By Riccel Kouns
We were going to be visiting “los invernaderos.” Translation: greenhouses. I had no idea what to expect. Our professor Dr. Kelly Comfort told us we would be driving through “un mar de plastico” or a sea of plastic. Initially when thinking about greenhouses I imagined giant glass buildings and an abyss of green from the ground to the ceiling. I soon found out that this was not going to be the case. I saw a picture where you could see nothing but white rectangles for miles. I thought salt mines? Landfills? I was completely wrong. We were going to be visiting greenhouses made of plastic and those white figures were the roofs of each house.
Inside an “invernadero”
We drove to Almeria, a region in the south of Spain near Granada. We spent the day learning about the trials and tribulations of these established greenhouse communities. On the negative side, there is an abundance of unsightly white buildings along the coast that drive away tourists. Immigrants from Eastern Europe and Africa have flocked to the South seeking work but have instead found racism and prejudice. The structures themselves are semi-environmentally friendly at best. They put a strain on water resources in a region that does not have much access to water and used lots of plastic in construction.

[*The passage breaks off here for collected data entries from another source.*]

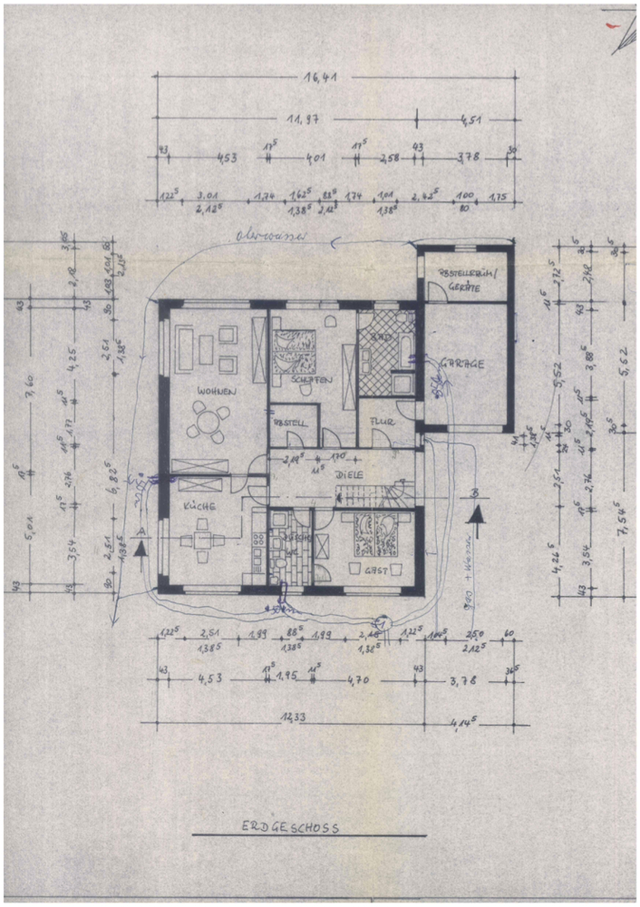 Flur: ca. 18,32 qm Büro: ca. 16,53 qm Duschbad: ca. 6,75 qm Küche: ca. 22,52 qm Wohnzimmer: ca. 34,36 qm Abstellraum: 2,80 qm Schlafzimmer: ca. 21,30 qm Bad: ca. 9.80 qm Hauswirtschaftsraum: ca. 5,56 qm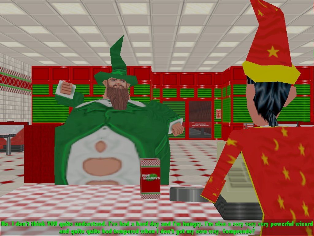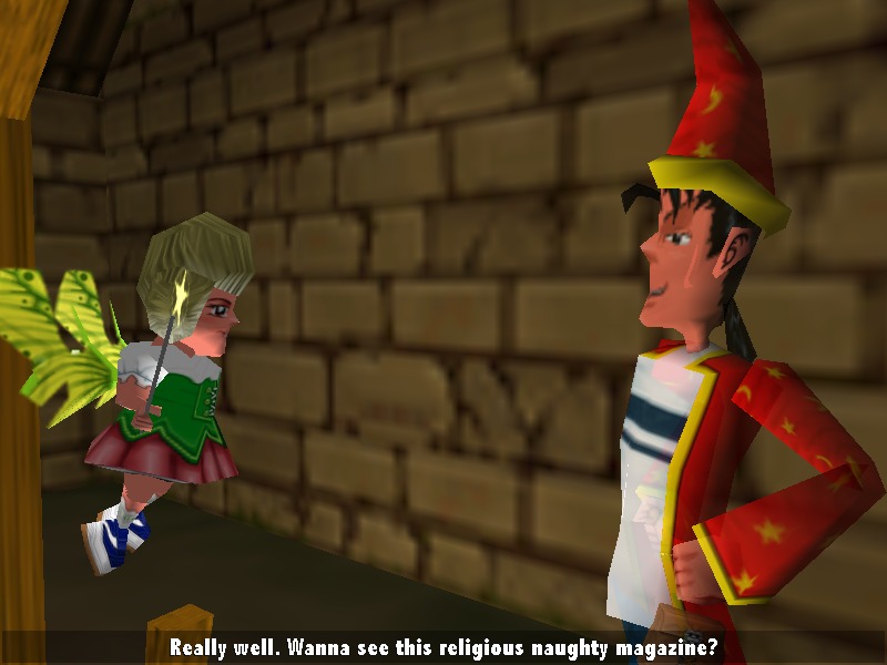 The writing and sense of humor, as well as the voice acting, is generally on par with at least the second game. There are a number of returning characters, including the Swampling, who’s now become an eco-terrorist after his homeland is threatened. The woodworm, the role players, Goldilocks, and the demons also make appearances again, as well as Sordid’s apprentice Runt, who only had a minor role in the second game. The second half of the adventure involves assembling a group of four legendary warriors: the buxom, scantily clad lady warrior Melissa Leg, the somewhat dead Jar Nin, the largely daft Coneman the Barabrain, and the transmogrified Prince Brave, who’s stuck as frog. The unfortunate circumstance is that Simon had pissed off nearly all of these people earlier in his journey, which is naturally a bit awkward for him. Simon also has his own fairy godmother, although she’s not particularly funny and mostly acts as a tutorial guide.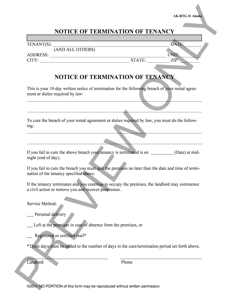 ON LY AKRTG31 Alaska NOTICE OF TERMINATION OF TENANCY TENANT(S): DATE: (AND ALL OTHERS) ADDRESS: UNIT: CITY: STATE: ZIP: NOTICE OF TERMINATION OF TENANCY This is your 10day written notice of termination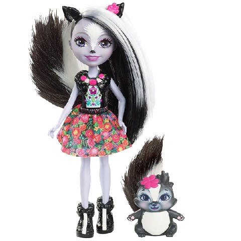 Papusa Enchantimals Sage Skunk Mattel Enchantimals Кукла "Седж Скунси" Перед вами Седж Скунси и ее милый пушистый скунс Кейпер. Они так похожи! У Седж есть ушки, хвостик и носик прямо как у ее зверька. А еще у нее светло-серая кожа, сиреневые глазки и длинные черно-белые волосы, которые можно расчёсывать. Наряд Седж просто роскошен: темный топ и пышная юбка разрисована цветами. А еще на ножках нашей героини красуются туфельки в виде скунсов, дополняющие образ. Высота куклы: 15 см Рекомендуемый возраст: от 4-х лет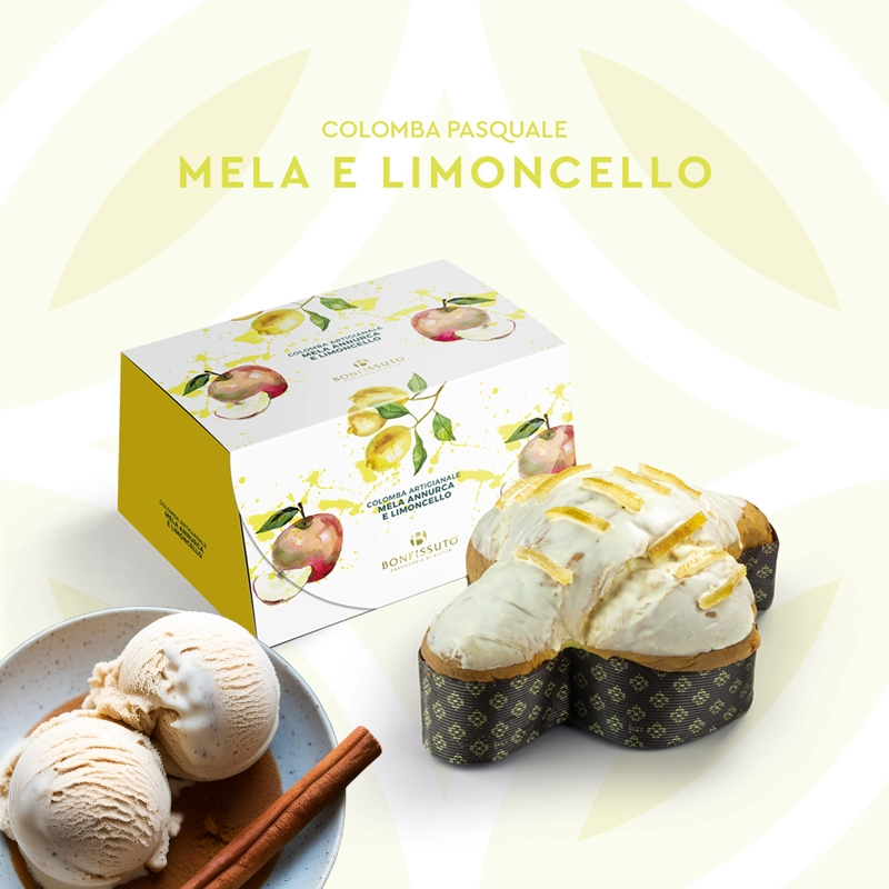 Παραδοσιακή χειροποίητη ιταλική colomba αργής ωρίμανσης , γεμιστή με εκπληκτική κρέμα Limoncello , ολόκληρα κομμάτια μήλου Annurca IGP και παγωτο μπισκότο κανέλα , με επικάλυψη λευκής σοκολάτας και λεπτές φέτες λεμονιού απο την Σικελία, μία colomba limited edition, απο την μοναδική σισιλιάνικη pasticceria Bonfissut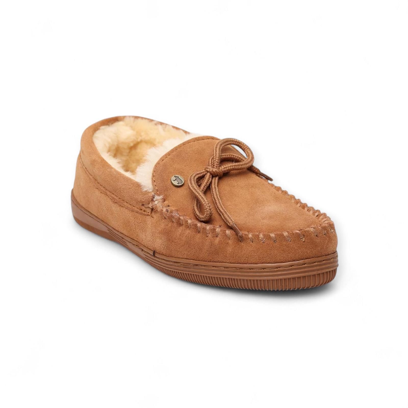 Pantoffel Koala van Warmbat voor dames. Deze pantoffel is volledig toe en in suède cognac met merino wol. De decoratieve strikjes op de wreef kan je wat aantrekken voor iets meer stevigheid aan de voet. Is op een rubberen zool die zeer licht aanvoelt en antislip is.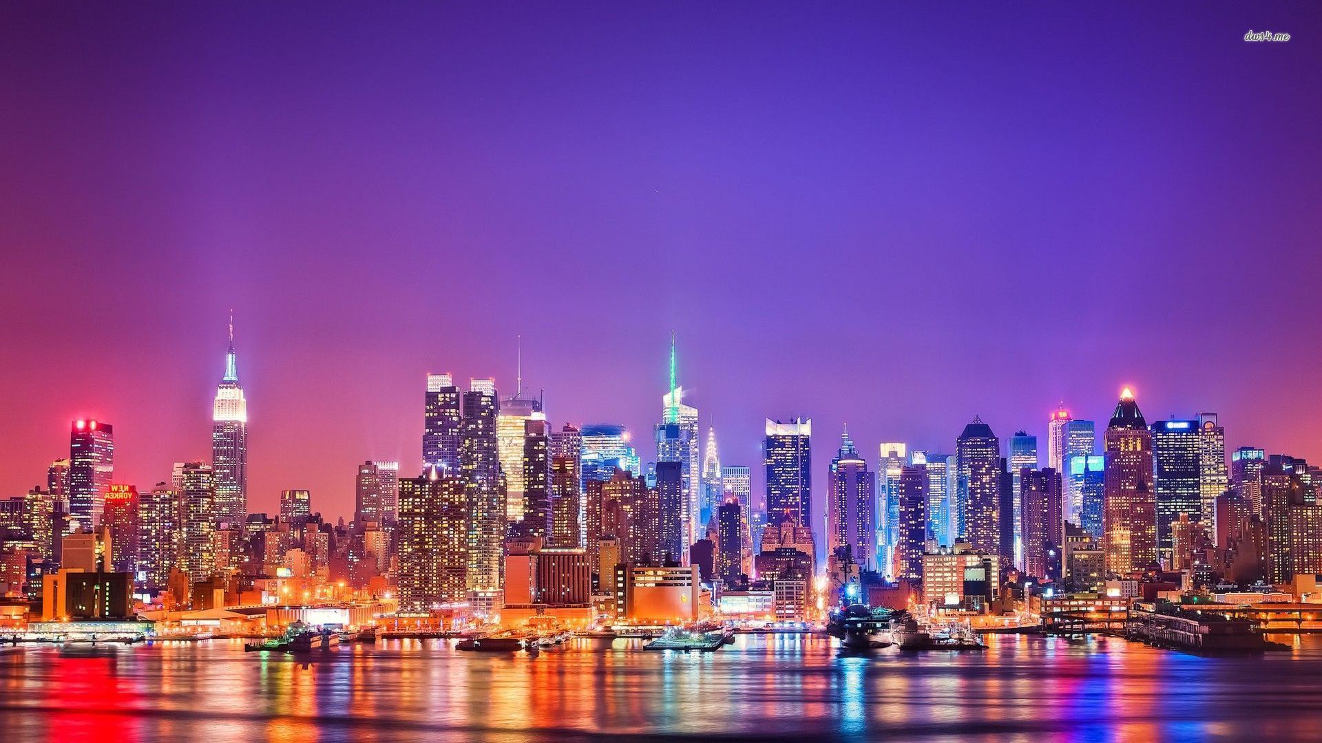 Description: A city skyline with a lot of tall buildings at night time with lights on the buildings and the water.
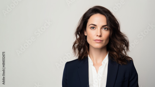 Focused woman in her 30s with brunette hair in a dark blue jacket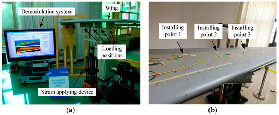 The strain testing of aviation structures is very important for aircraft design and manufacture. Another strain measurement experiment was conducted on the aircraft wing skin made of CFRP laminates to verify the practicality of the proposed strain transfer model. The wing was fixed on a static steel frame as shown in Figure 12a. To simulate the deformation of the wing in flight, four loading positions were evenly distributed on the lower surface of the wing. The loading positions were connected to a tensile tester with a two-stage transmission mechanism. The force at each loading position is a quarter of the total loading force applied by the tensile tester. Thus, the deformation of the wing can be controlled by changing the loading force of the tensile tester. FBG sensors 1, 2, and 3 were respectively bonded to the installing points 1, 2, and 3 on the surface of the wing skin as shown in Figure 12b. The stacking sequences of the CFRP laminates at the installing points are same as the stacking sequences of the three specimens in Section 4.1, and 3 FBG sensors were respectively bonded to the specimens 1, 2, and 3 as temperature compensation sensors. The geometrical and mechanical parameters of the adhesive layer and optical fiber are shown in Table 1. The protective paint at the installing points was removed to improve the measurement accuracy. The wavelength of all the FBG sensors is 1550 nm, and the wavelength shifts were detected by interrogator SM-130. The loading force was set to 2000 N, 4000 N, 6000 N, 8000 N, and 10000 N. The measured strain obtained by FBG sensors 1, 2, and 3 was recorded. According to Section 4.1, the measured strain of FBG sensors 1, 2, and 3 was compensated based on the theoretical average strain transfer ratios 80.0%, 82.3%, and 84.9%, respectively.

On the other hand, the harvests from the greenhouses continue to spur the economy. Farmers can have between two to three harvests a year. Due to painting the buildings white, the average temperature in the region has lowered by about 2 degrees. Despite the lack of water, farmers are inventing new irrigation systems that would use sensors and crops would receive water only when sensors deemed it necessary. Farmers also are easing away from chemicals and pesticides and using natural solutions to eliminate pests with a practice called biological control.
At the end of the day we toured Clisol, one of the most innovative “invernaderos.” The greenhouse property is run by an energetic woman, passionate about the care and success of her farm. She gained ownership from her father, who had received it from his father, and she was in the works of training one of her sons to take over when the time came. She reminisced about her youth when she was excused from school to work in the farms. Grueling work she told us. It was the family’s livelihood. If the farm was unsuccessful they would not be able to eat or get their basic needs. It was mind boggling because growing up scholarly education was enforced upon me. However, this woman had a different kind of education. She learned to be an entrepreneur, an environmentalist, a scientist, a public speaker, and much more. She was inspiring and visiting the greenhouses gave me insight into a potential career path.
We visited greenhouses that were in the process of regenerating heat, eliminating a plight, and producing some amazingly delicious cherry tomatoes. I am a foodie and will forever love the concept of farm to table. I was living the life, walking around a vegetable heaven! “Pick and eat whatever you want” she cooed. She did not have to tell me twice. At the end of the tour we sampled a spread of the fruits of her labor, which consisted of tomatoes, peppers, watermelon, and cucumbers.
It was “una experiencia inolvidable”- an unforgettable experience. Maybe I am disillusioned by delicious food and my preconceived notion of a farmer’s lifestyle, but I hope to have my own “invernadero” in the south of Spain one day. I want to be able to promote sustainability and provide fresh healthy food for the community. Until then, I will just appreciate a good tomato when I eat one.